Pour un financement adossé à KfW, le conseiller aide à choisir le bon produit, à préparer la logique de financement, à aligner le plan d’affaires sur les attentes bancaires et à éviter les erreurs de calendrier. Pour les garanties, il aide à expliquer le manque de sûretés et la structure de risque. Pour les consultations soutenues par BAFA, il aide à distinguer le conseil en gestion éligible des prestations non éligibles, comme les conseils juridiques, fiscaux ou exclusivement centrés sur les subventions. Pour les plateformes de transmission, il peut aider à transformer une annonce intéressante en dossier d’acquisition structuré.

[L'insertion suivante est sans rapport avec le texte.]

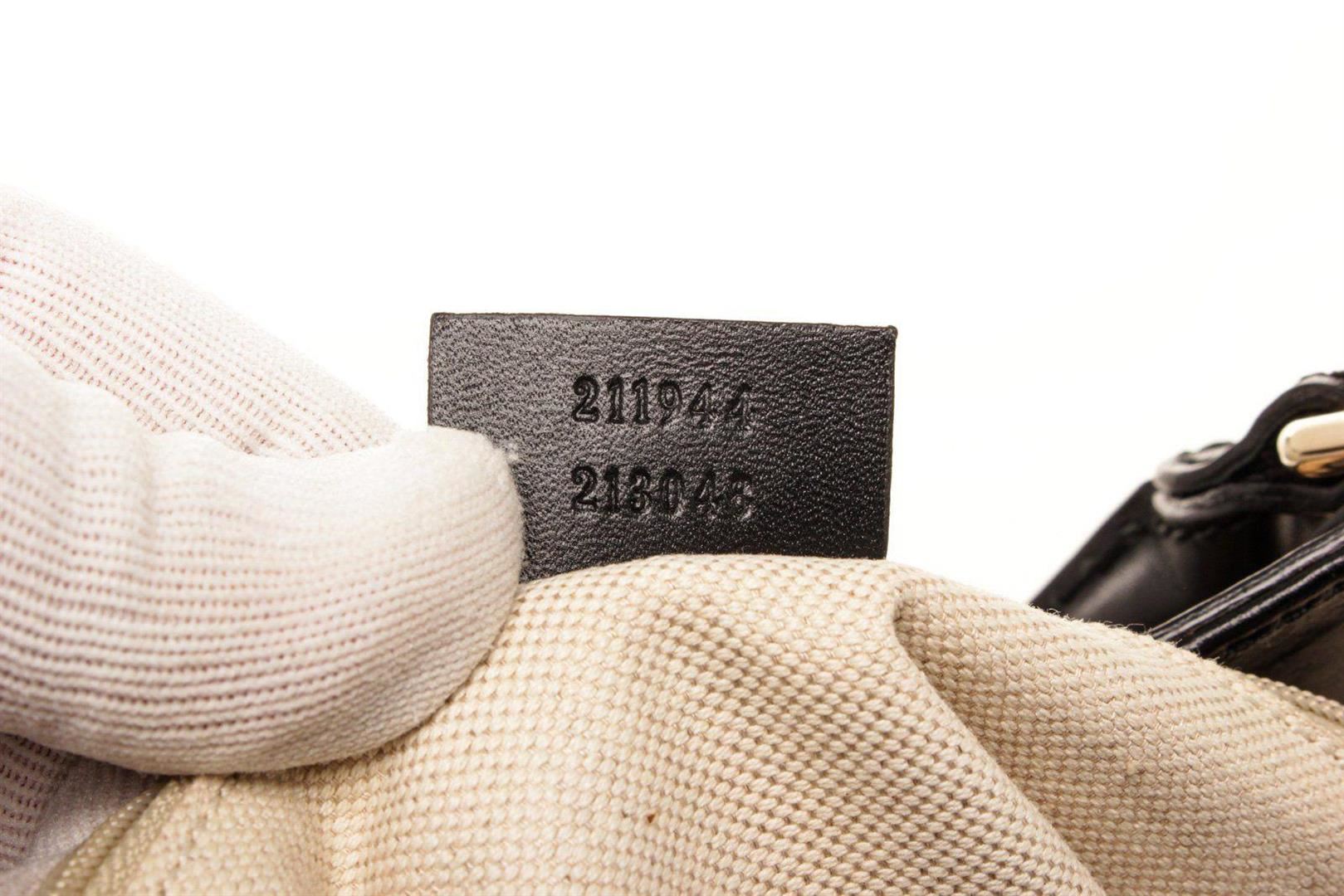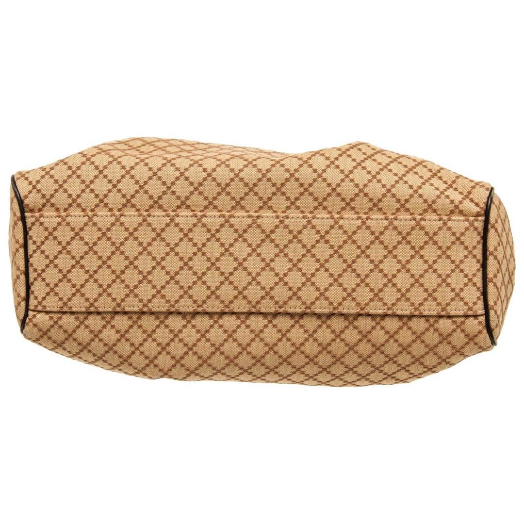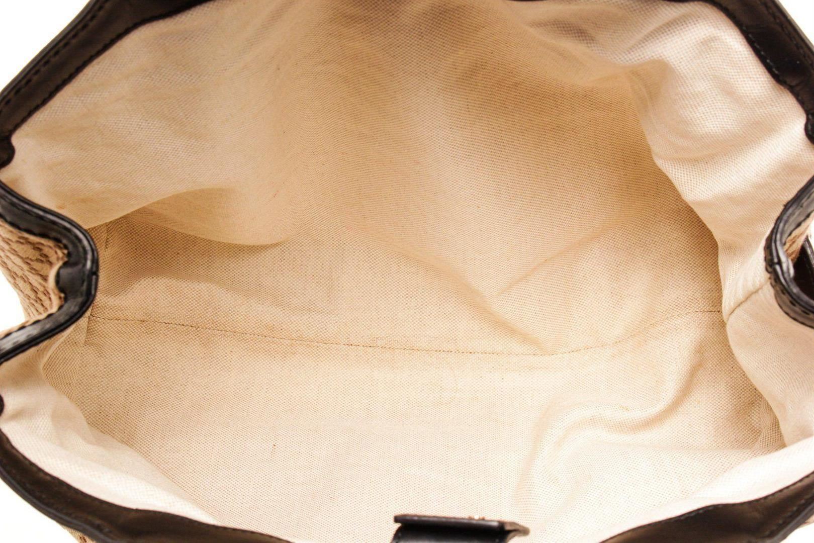 Gucci Brown Canvas Leather Sukey Medium Tote Bag with canvas leather gold-tone hardware, black leather trim, dual-rolled handles, detachable adjustable shoulder strap, creme canvas lining, three interior pockets; one with zip closure and zip closure at top.
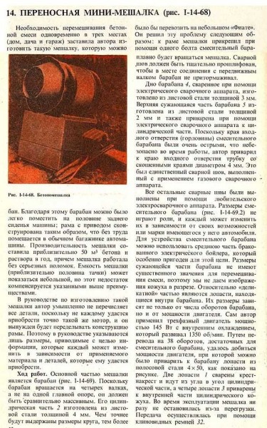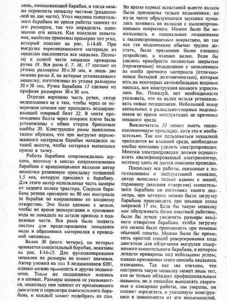 Данная конструкция прослужила у автора 10 лет, хотя была сделана для разовой работы, но оказалась очень удачной: за 20-30 оборотов хорошо перемешивается 2,5 ведра раствора. За это время ее повторили и усовершенствовали соседи и знакомые. В основном переделки касались люка. Экспериментальным путем выявлена самая удачная его конструкция — похожая на ту, Которая используется в молочной фляге. Такую «горловину» приваривают к телу бочки с одной из сторон (смотрите на фото вверху). Также делают ручки с двух сторон — для возможности работы вдвоем.
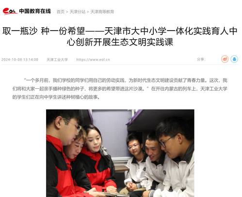 中国教育在线丨取一瓶沙 种一份希望——天津市大中小学一体化实践育人中心创新开展生态文明实践课
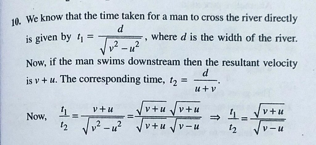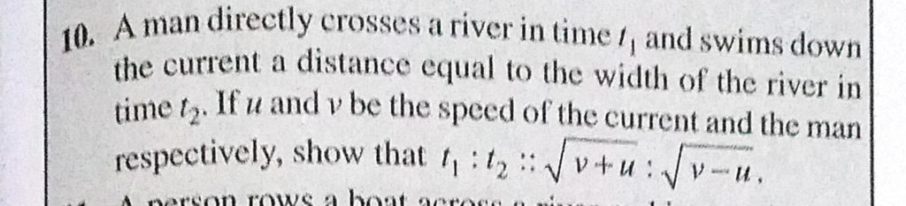 A man directly crosses a river in time t1 and swims down the current a distance equal to the width of the river in time t2. If u and v be the speed of the current and the man respectively, show that t1 : t2 :: root v +u : root v – u. A man directly crosses a river in time t1 and swims down the current a distance equal to the width of the river in time t2. If u and v be the speed of the current and the man respectively show that t1 : t2 :: root v +u : root v - u. September 21, 2020 Category: Uncategorised (JEE Advanced Physics by BM Sharma + GMP Solutions) , Facebook Messenger WhatsApp Share this:TwitterFacebook Related
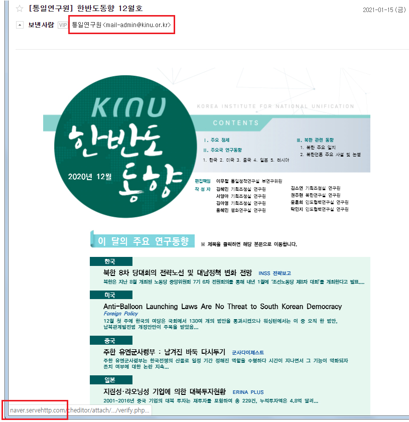 더불어 동일한 공격 조직들은 지난 금요일 ‘통일연구원’ 발신지처럼 정교하게 조작해 대북 분야 전문가 상대로 해킹 이메일을 대거 유포했는데, 본문에 포함된 연구동향 이미지를 클릭할 경우 특정 피싱 서버 ‘naver.servehttp[.]com’ 주소로 접속해 이메일 암호 입력을 유도합니다. 만약 이용자가 암호를 입력할 경우 공격자에게 탈취되고, 정상 PDF 문서가 다운로드 되어 피해 사실을 인지하지 못하게 만드는 전략을 구사하고 있습니다.
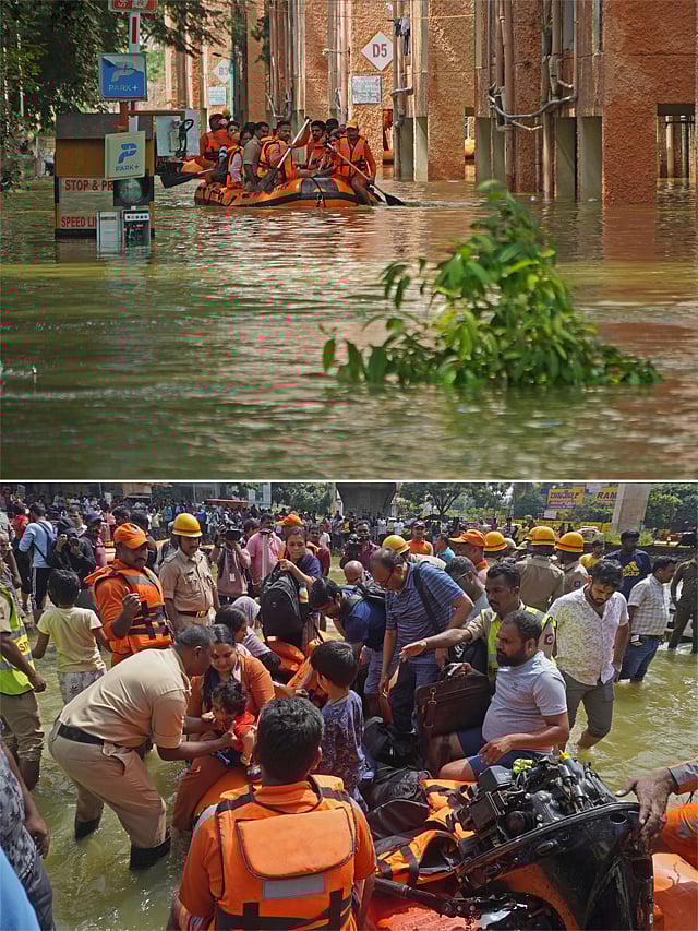 Due to flooding of Kendriya Vihar Apartments, boats have been deployed by both NDRF and SDRF to rescue over 3000 residents as over four feet water entered the apartment complex.

Le meilleur moment pour faire appel à un soutien externe est avant que le prix, le financement et le calendrier ne soient fixés. Une fois que le repreneur a accepté un prix irréaliste ou commencé le projet avant de déposer la demande, les possibilités de financement public peuvent se réduire.
Conclusion stratégique
Le défi allemand de la transmission d’entreprise ne consiste pas seulement à trouver des personnes plus jeunes prêtes à reprendre des entreprises. Il consiste aussi à rendre les reprises finançables.
Les prêts KfW peuvent soutenir des projets de succession de petite ou de grande taille, mais ils restent des prêts bancaires soutenus par un dispositif public, et non des subventions. Les Bürgschaftsbanken peuvent aider lorsque les garanties sont insuffisantes, mais elles ne remplacent pas un dossier d’acquisition viable. Le soutien BAFA au conseil peut aider les entreprises à se préparer aux défis de gestion, de finance, d’organisation et d’après-transmission, mais il ne finance pas l’achat lui-même. nexxt-change peut aider repreneurs et cédants à se rencontrer, mais la mise en relation n’est que la première étape.
Pour réussir une transmission de PME en Allemagne, l’opération doit reposer sur un prix réaliste, des flux de trésorerie crédibles, un apport personnel, la confiance de la banque, une stratégie de garantie lorsque c’est nécessaire, une vérification préalable et un plan clair de continuité. Les successeurs les plus solides ne sont pas simplement ceux qui trouvent une entreprise à acheter. Ce sont ceux qui peuvent montrer comment l’entreprise restera stable, remboursera le financement, conservera ses salariés et ses clients, puis investira dans sa prochaine étape.
Dans le tissu vieillissant des PME allemandes, c’est le véritable défi du financement : non seulement transférer la propriété, mais financer la continuité.